Emsal Mahkeme Kararı İzmir Bölge Adliye Mahkemesi 11. Hukuk Dairesi 2019/1465 E. 2022/274 K. 16.02.2022 T.

Görüntülediğiniz mahkeme kararı henüz kesinleşmemiştir. Yararlı olması amacıyla eklenmiştir.

T.C.
İZMİR
BÖLGE ADLİYE MAHKEMESİ
11. HUKUK DAİRESİ

DOSYA NO : 2019/1465
KARAR NO : 2022/274

T Ü R K M İ L L E T İ A D I N A
B Ö L G E A D L İ Y E M A H K E M E S İ K A R A R I

İNCELENEN KARARIN
MAHKEMESİ : İZMİR 2. ASLİYE TİCARET MAHKEMESİ
TARİHİ : 14/03/2019
NUMARASI : 2017/1254 Esas 2019/346 Karar
DAVANIN KONUSU: Alacak
KARAR TARİHİ: 16.02.2022
KARAR YAZIM TARİHİ: 16.02.2022

İzmir 2.Asliye Ticaret Mahkemesinin 14.03.2019 tarih 2017/1254 Esas 2019/346 Karar sayılı kararın Dairemizce incelenmesi davacı vekili tarafından istenmiş ve istinaf dilekçesinin süresi içinde verildiği anlaşılmış olmakla, üye … tarafından düzenlenen rapor dinlenip ve yine dosya içerisindeki dilekçe, layihalar, duruşma tutanakları ve tüm belgeler okunup, incelendi.

GEREĞİ DÜŞÜNÜLDÜ :
DAVA : Davacı vekili, müvekkili şirketin … merkezli 23 yıldır faaliyet gösteren ve … markası adı altında franchiseleri bulunan güzellik merkezi şirketi olduğunu, davalının ise 20.11.2014 tarihli Franchising Sözleşmesi uyarınca müvekkili şirketin … ilindeki franchaise alan olarak … markası altında faaliyet gösteren güzellik merkezinin sahibi olduğunu, davalının 30.05.2017 tarihli ihtarname göndererek franchising sözleşmesini yerine getiren ve tek hissedarı olduğu dava dışı …Ltd.Şti’nin faaliyetini durduğunu ve tasfiye sürecine girdiğini, bu nedenle tek taraflı olarak sözleşmeyi fesh ettiğini bildirdiğini, ancak sözleşmenin … Ltd. Şti ile yapılmadığını, davalı ile yapıldığını, dava dışı …Ltd.Şti’nin ekonomik durumunun fesih sebebi olarak ileri sürülmesinin mümkün olmadığını, davalının müvekkili şirket ile franchising sözleşmesi imzalamış olmasına rağmen sözleşmenin tarafı olmayan ..Ltd.Şti adı altında güzellik salonundaki faaliyetini sürdürdüğünü, sözleşmedeki haklarını fiilen hissedarı olduğu şirkete temlik ettiğini, bu durumun sözleşmenin 5.7 maddesine aykırı olduğunu, sözleşmenin 7.1 maddesi gereğince sözleşmenin 6. ve 7. maddelerine göre feshedilmesi halinde franchising alanın 10.000 Euro cezai şart bedeli ödemekle yükümlü olduğunu iddia ederek; tazminat talebine ilişkin hakları saklı kalmak kaydıyla 10.000 Euro cezai şartın 22.06.2017 tarihinden itibaren kamu bankalarınca 1 yıllık Euro hesaplarına uygulanan en yüksek faizi ile birlikte davalıdan tahsiline karar verilmesini talep etmiştir.

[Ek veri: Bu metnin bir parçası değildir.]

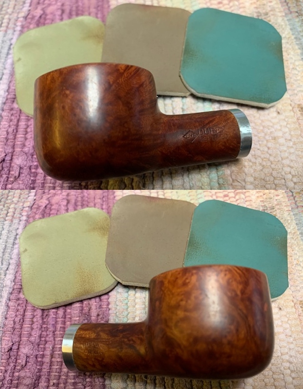 I polished the repairs on the Redmanol stem with micromesh sanding pads – 1500-12000 grit pads. I wiped it down with a damp cloth after each sanding pad. I used Before & After Pipe Polish – both Fine and Extra Fine to further polish the stem.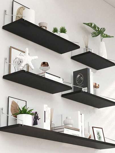 1pc Wall Shelf Rack Hanging Storage Unit No-Drill, Wooden Wall Mount Display Shelves, Bedroom Kitchen Organizer Room Decor - Black - View 1

CEVAP :Davalı vekili, sözleşmenin başlangıçta her ne kadar davacı şirket ile müvekkili arasında imzalanmış olsa da, müvekkilinin tek ortağı ve yetkilisi olduğu dava dışı ..Ltd.Şti kurulduktan sonra ticari ilişkinin bu şirket ile yürütüldüğünü, davacının sözleşme ile ilgili tüm cihaz, ve sarf malzemelerinin faturalarını bu şirkete kestiğini, dolayısıyle sözleşmenin muhatabının müvekkili değil, ..Ltd. Şti. olduğunu, husumetin şirkete yöneltilmesi gerektiğini, davaya dayanak yapılan sözleşmenin müvekkili tarafından feshedildiğini, sözleşmenin 7.1 maddesinde yer alan 10.000 Euro cezai şartın talep edilebilmesi için sözleşmenin 6. ve 7. maddelerinde yer alan sebeplerle davacı tarafından feshedilmesi gerektiğini, oysa sözleşmenin müvekkili tarafından feshedildiğini, davacının cezai şart talep etmesinin mümkün olmadığını savunarak davanın reddine karar verilmesini talep etmiştir.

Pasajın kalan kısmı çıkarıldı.